Saturday, September 7, 2013

Do I Have Clinical Depression?

We all go through times when we feel sad or really upset about something. Life can be full of exhilarating, joyful moments but also bring us periods of time when we feel utterly distraught. These lower moments can cause us great pain, bring flowing torrents of tears and even cause us to lose our appetites. So how do you know if you are "clinically" depressed or reacting in an expected manner to an external life event? A person can receive a diagnosis for Major Depressive Disorder under very specific conditions that I'll discuss in this article. I'll also review a few coping skills to employ immediately should you suspect you might fall into this category.

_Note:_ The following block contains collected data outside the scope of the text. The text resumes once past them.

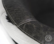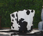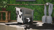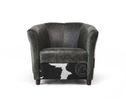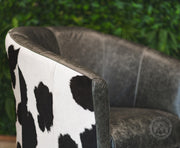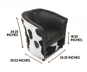 Leather Barrel Chair with Hair On Cowhide Accents - Black and White
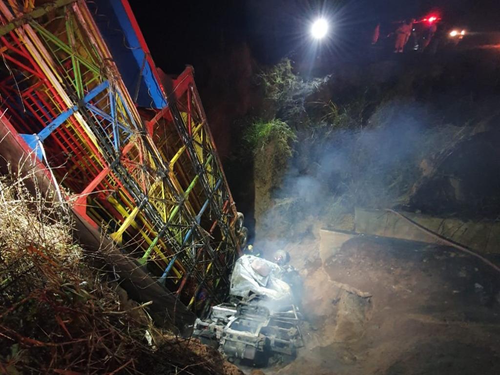 Os bombeiros depararam com o caminhão que puxava uma "carreta trenzinho". Por motivos desconhecidos, o condutor perdeu o controle, saiu da pista e caiu em um buraco de aproximadamente 15 metros de profundidade. Com o impacto, o cavalinho da carreta veio a se incendiar.
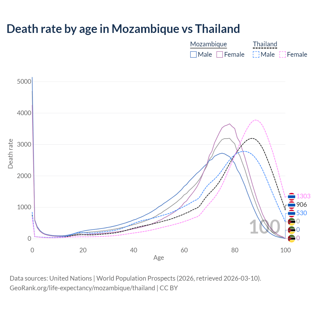 In Mozambique, the most common age of death is 0, compared to 87 in Thailand. The median age of death is 71.2 in Mozambique and 81.8 in Thailand, meaning only half of each cohort is expected to live past that age.
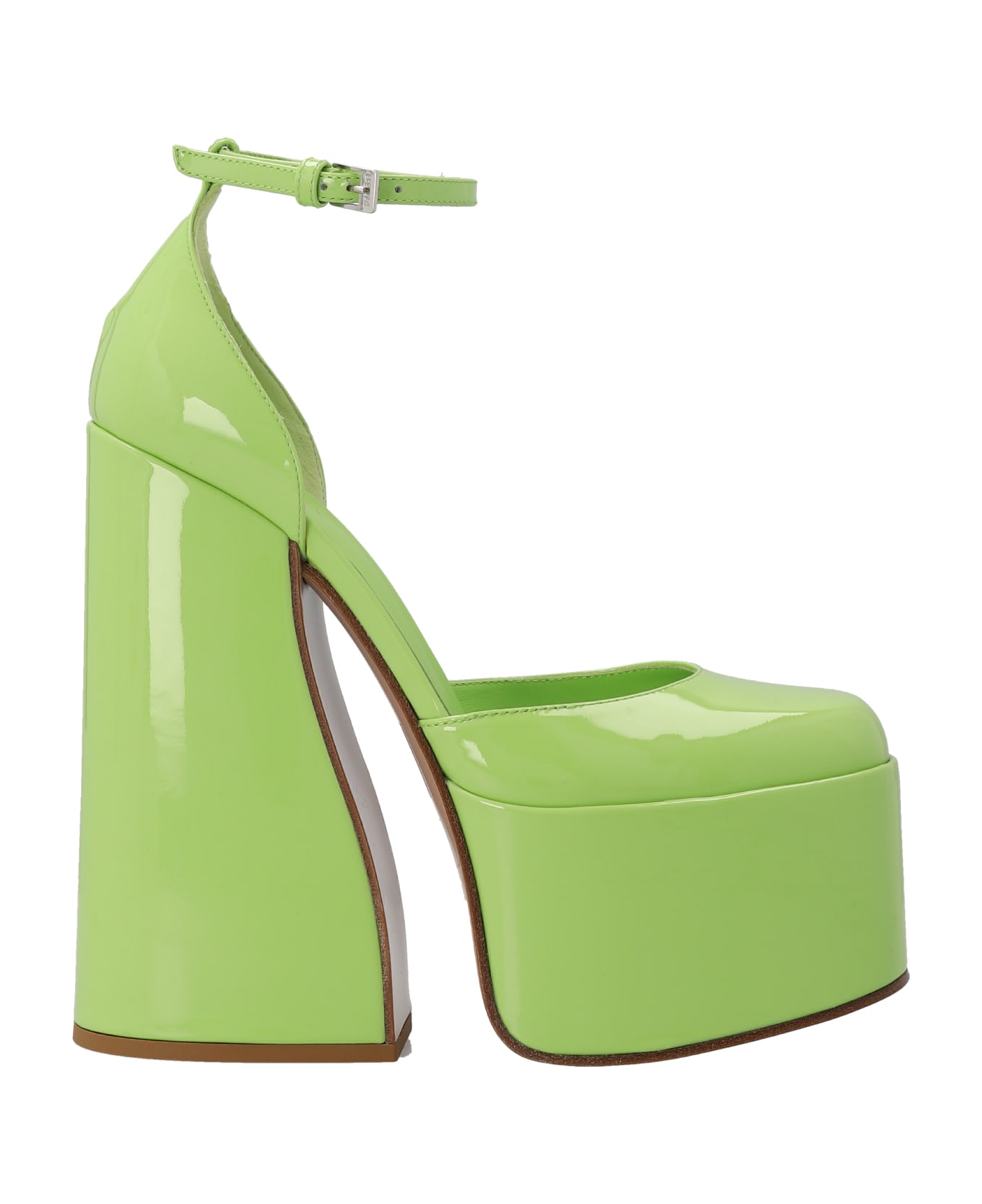 'Nikki Kabir' patent leather pumps with ankle strap, platform, chunky heel. ky heel.
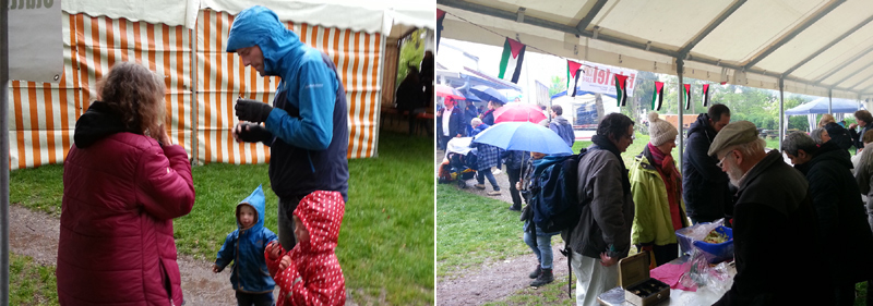 | Links: Felicia Langer hält ihre Rede trotz des Regens; rechts: Unser Tisch mit palästinensischem Gebäck war sehr beliebt... | |||||||||||||||||||||||||||||||||
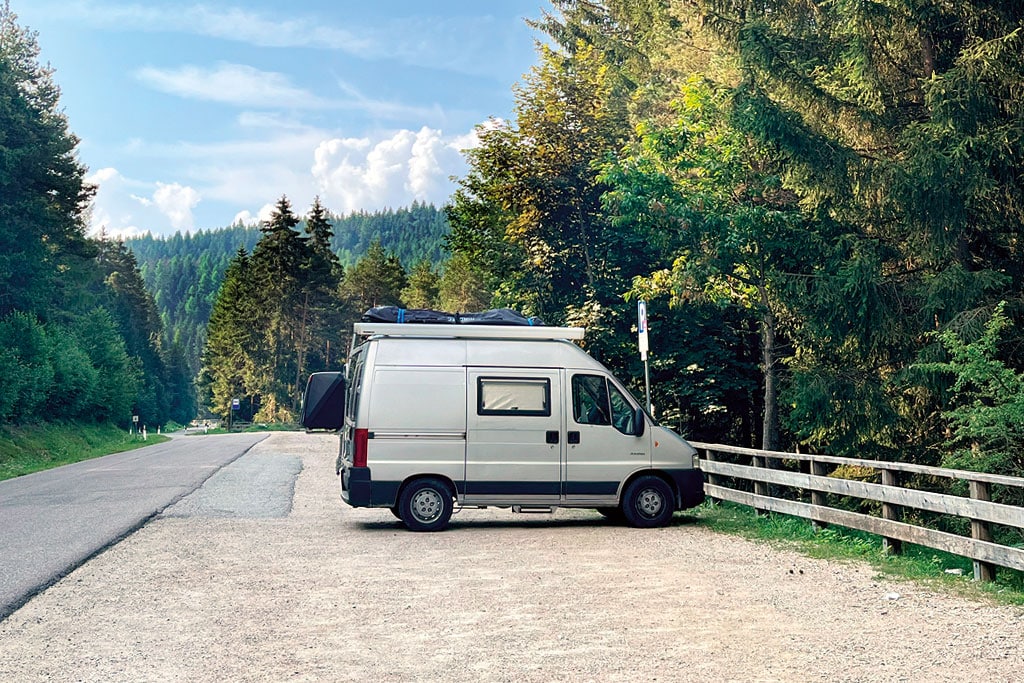 Ausgangspunkt: Der Waldparkplatz bietet auch größeren Reisemobilen gut Platz – wie der Abstand zur Straße zeigt.

I've heard people describe depression as a "black cloud" following them - or a "pit" in their stomach that doesn't go away. The intensity of this feeling is usually associated with Major Depressive Disorder - otherwise known as "clinical depression." People who struggle with this can have a range of symptoms - from mild to severe - but they must meet specific criteria to receive this diagnosis. The following is a condensed and summarized version from the DSM-IV-TR (Diagnostic Criteria from the American Psychiatric Association) of the criteria for Major Depressive Disorder.

You must have five of the nine criteria which are:

1) Depressed mood most of the day, nearly every day.

2) Diminished interest in your usual activities.

3) Significant weight loss or gain; or increase or decrease in appetite.

4) Sleeping too much or too little every day.

5) Appearing to others to be restlessness or slowed down in your movement or speech.

6) Fatigue or loss of energy nearly every day.

7) Feelings of worthlessness or guilt nearly every day.

8) Decrease in concentration nearly every day.

9) Thoughts or plan of your own death.

In addition, you must have these symptoms for a minimum of two weeks.

If you feel as though you fit the criteria for clinical depression, you should seek out the help of a psychotherapist to assess the level of your depression. Some people prefer to try to get control of their depression with talk therapy alone. Others want to try the medication route and talk therapy. There are also people who take medication to combat their symptoms but choose not to proceed with talk therapy. I personally believe - and many studies have shown - that the best treatment for clinical depression is a combination of medication and talk therapy. A psychiatrist can be helpful to educate you about the chemistry around depression and the brain - as well as what medications are available, possible side effects, etc. However, if you're firmly attached to the idea of avoiding medication, a good therapist can work with you around the issues underlying your depression. Cognitive behavioral therapy - changing unhelpful and irrational thinking styles - has also been shown to be very helpful.

So what can you do right this minute to help to start to decrease some of your symptoms? The following are three initial steps you can take right away to feel better - and the great news is, you absolutely can!

1) Walk Around the Block: People who are truly depressed often struggle with the motivation they need to do their normal activities. Even if you have never been someone particularly interested in exercise, get outside and walk around the block. Even if it's only a five minute jaunt to the end of the block and back, the purpose is to get good oxygen into your blood and brain - which automatically impacts your physiology and has a feel-good effect.

2) Set Your Priorities: People who find themselves depressed often feel overwhelmed or out of control. Sit down with pen and paper in hand. Make a list of things that need to happen vs. things that can wait. The more order you feel - the more in control you'll feel.

3) Reach out to Someone: Depressed people sometimes feel so low they begin to isolate themselves. Reach out to someone you trust - friend or family member. Pick up the phone and be honest with how you're feeling. Keeping an active support network, whether it is one person or five, is very important.

According to the National Institute of Mental Health, major depressive disorder affects approximately 14.8 million American adults a year! Try to remember to be kind and gentle to yourself and make sure to get the help you need, whether it's a therapist, counselor, support group, psychiatrist or your general medical practitioner. You absolutely can feel better!

**If you are actively suicidal, please dial 911 to get help right away.